[GOAL OF THE EXERCISE]
In the records below, find the line with "Pc 528 Heavy Embroidery Thread Work Gown" and the line with "De Clarins Total"; return exactly those lines and every line between them.

[EXERCISE INPUT]

--- START ---

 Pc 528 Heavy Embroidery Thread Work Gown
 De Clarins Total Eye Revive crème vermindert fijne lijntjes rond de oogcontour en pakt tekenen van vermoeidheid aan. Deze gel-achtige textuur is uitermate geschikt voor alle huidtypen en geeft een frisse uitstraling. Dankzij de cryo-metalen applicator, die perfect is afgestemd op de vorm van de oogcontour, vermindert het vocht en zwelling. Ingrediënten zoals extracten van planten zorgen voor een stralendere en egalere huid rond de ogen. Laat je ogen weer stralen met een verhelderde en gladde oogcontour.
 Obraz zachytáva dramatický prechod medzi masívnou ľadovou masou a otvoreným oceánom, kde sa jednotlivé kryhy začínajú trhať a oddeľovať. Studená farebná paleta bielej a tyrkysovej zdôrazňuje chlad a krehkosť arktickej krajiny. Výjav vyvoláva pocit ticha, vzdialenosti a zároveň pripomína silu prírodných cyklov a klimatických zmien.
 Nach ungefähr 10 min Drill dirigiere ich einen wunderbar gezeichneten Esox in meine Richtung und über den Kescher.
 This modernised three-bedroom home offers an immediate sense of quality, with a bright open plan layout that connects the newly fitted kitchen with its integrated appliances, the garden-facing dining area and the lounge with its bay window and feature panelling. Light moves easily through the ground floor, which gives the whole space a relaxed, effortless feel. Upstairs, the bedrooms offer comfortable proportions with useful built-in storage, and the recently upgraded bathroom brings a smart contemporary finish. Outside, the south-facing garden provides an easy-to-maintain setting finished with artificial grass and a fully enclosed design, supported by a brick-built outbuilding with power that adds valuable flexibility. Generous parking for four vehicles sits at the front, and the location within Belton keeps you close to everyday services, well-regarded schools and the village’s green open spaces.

--- END ---
--- START ---

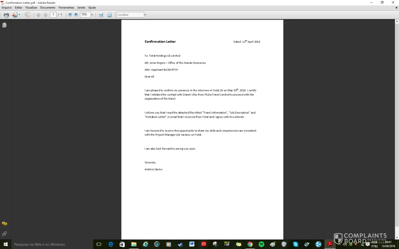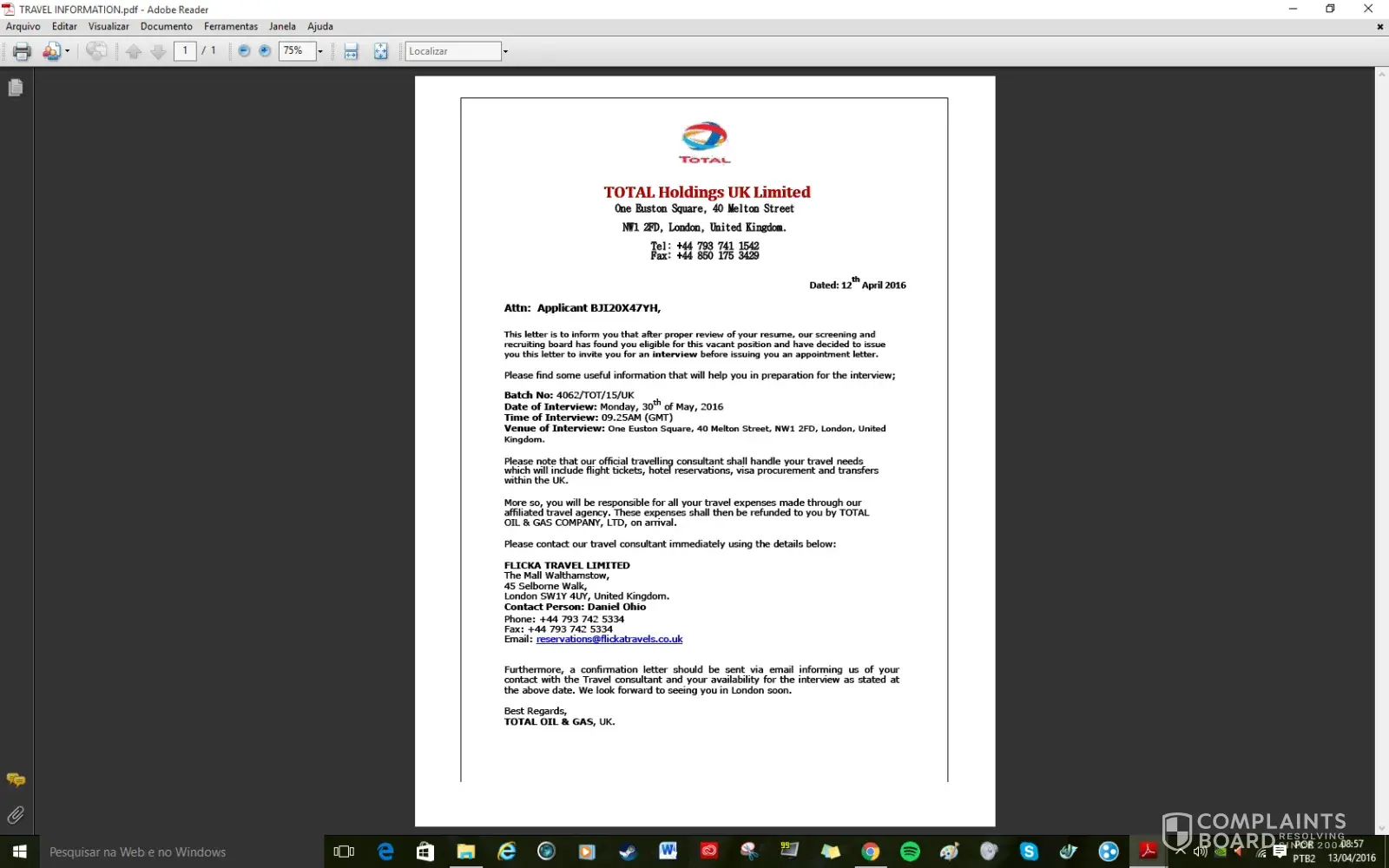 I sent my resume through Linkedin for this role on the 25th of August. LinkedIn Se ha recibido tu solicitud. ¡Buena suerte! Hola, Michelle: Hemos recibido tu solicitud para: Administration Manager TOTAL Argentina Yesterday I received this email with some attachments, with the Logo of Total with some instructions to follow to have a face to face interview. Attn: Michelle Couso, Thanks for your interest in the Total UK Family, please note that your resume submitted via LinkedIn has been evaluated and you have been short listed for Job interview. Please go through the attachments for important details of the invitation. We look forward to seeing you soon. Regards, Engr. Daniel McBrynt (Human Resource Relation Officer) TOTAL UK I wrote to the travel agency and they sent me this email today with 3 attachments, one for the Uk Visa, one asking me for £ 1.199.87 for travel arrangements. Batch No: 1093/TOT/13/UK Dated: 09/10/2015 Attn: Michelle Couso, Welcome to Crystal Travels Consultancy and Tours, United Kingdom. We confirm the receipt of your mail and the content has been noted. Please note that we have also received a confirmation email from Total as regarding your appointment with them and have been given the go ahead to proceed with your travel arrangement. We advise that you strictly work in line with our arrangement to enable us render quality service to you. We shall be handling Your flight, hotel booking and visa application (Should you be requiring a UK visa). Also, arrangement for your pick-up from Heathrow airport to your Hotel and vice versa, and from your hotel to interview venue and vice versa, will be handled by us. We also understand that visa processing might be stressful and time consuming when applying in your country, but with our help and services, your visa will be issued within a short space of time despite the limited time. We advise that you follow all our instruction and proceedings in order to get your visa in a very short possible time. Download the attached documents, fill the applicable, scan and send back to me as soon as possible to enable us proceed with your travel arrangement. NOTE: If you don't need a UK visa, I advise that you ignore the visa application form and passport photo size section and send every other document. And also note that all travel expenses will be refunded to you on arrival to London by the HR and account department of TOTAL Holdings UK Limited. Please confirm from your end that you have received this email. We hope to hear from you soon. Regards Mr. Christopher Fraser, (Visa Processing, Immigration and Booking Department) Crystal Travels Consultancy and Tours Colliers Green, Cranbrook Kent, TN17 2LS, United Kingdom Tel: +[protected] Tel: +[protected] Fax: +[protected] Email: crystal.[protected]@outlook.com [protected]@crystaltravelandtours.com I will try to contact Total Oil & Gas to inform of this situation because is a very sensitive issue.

--- END ---

[SOLUTION]
 Pc 528 Heavy Embroidery Thread Work Gown
 De Clarins Total Eye Revive crème vermindert fijne lijntjes rond de oogcontour en pakt tekenen van vermoeidheid aan. Deze gel-achtige textuur is uitermate geschikt voor alle huidtypen en geeft een frisse uitstraling. Dankzij de cryo-metalen applicator, die perfect is afgestemd op de vorm van de oogcontour, vermindert het vocht en zwelling. Ingrediënten zoals extracten van planten zorgen voor een stralendere en egalere huid rond de ogen. Laat je ogen weer stralen met een verhelderde en gladde oogcontour.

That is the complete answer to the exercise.